Try   HackMD

Prompt Engineering Framework

Introduction

What is prompt engineering?

  • Prompt engineering is the process of designing a set of queries to achieve a specific result using AI models.
    • What is prompt engineering good for?
      • Standarizing knowledge
        • Engineered prompts can serve as repeatable data processing pipelines that can be integrated with business processes.
      • Generating Insights
        • Engineered prompt pipelines can help with discovery of patterns and relationships between data points in context
        • Once standarized pipelines are created the process can enrich the context leading to new lead generation opportunities
      • Staying up to date
        • Prompt pipelines can run when data is updated or in a scheduled manner. furthermore live data can be included in order to trigger other components.

Prompt Engineering Best Practices

  • Remember GIGO (Garbage In, Garbage Out)

    • Prompt engineering is entirely dependent on the quality of the data fed to the model.
      • Unstructured, irrelevant or incomplete data can diminish the predictive performance of the model

      • Rich data and independent data sources can increase the performance and create emergent properties.

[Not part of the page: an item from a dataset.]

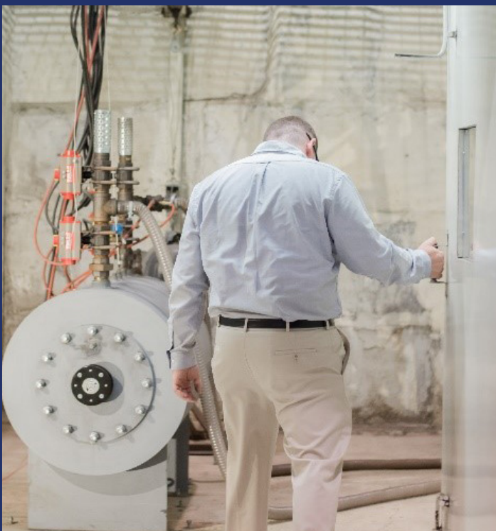
Preparing the Sigma 98 ESR for testing

        • Emergent properties are features manifested by the model that were not explicitly developed but appear from the interaction of the model with the data.

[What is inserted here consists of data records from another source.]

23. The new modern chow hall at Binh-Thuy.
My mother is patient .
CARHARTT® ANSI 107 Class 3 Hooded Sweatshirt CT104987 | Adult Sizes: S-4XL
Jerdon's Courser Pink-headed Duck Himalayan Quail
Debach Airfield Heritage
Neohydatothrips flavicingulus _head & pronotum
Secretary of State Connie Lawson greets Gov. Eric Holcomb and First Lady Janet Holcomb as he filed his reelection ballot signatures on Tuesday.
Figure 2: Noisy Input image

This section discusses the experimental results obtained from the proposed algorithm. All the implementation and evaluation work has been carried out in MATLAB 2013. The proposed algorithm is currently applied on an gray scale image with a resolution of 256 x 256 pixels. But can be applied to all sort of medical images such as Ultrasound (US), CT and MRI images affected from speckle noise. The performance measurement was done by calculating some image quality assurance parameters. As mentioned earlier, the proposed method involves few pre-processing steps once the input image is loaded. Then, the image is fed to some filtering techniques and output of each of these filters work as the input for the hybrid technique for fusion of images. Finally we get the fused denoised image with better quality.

The data processing pipeline.

In order to achieve consistend and repeatable results with prompt engineering we must structure the queries so that data is processed effectively and the correct context is applied for each individual query

  • Unstructured Data => Disambiguated Data => Data Embeddings => Context

  • (Data Intake)–––––(Data Preprocessing)––-(Data Procesisng)––(ReportGen)

    • Each step must achieve a specific goal and enable the following process to do the same thing. To achieve this each step must have its own solutions and models.

Data intake:

Data intake is the most important part of the process because of the GIGO principle. The model can only work with the insights already in the data and noise can achieve the opposite effect.

  • In order to minimize GIGO we must:
    • Clearly determine the shape of the data that will be given to the model.
      • Inconsistent data sources = Inconsistent results
      • Determine different variables to be analized
      • handle missing data

Data Preprocessing

  • Data Preprocessing takes in unstructured data and parses it into individual variables that will be used in our pipeline for multi modal analysis.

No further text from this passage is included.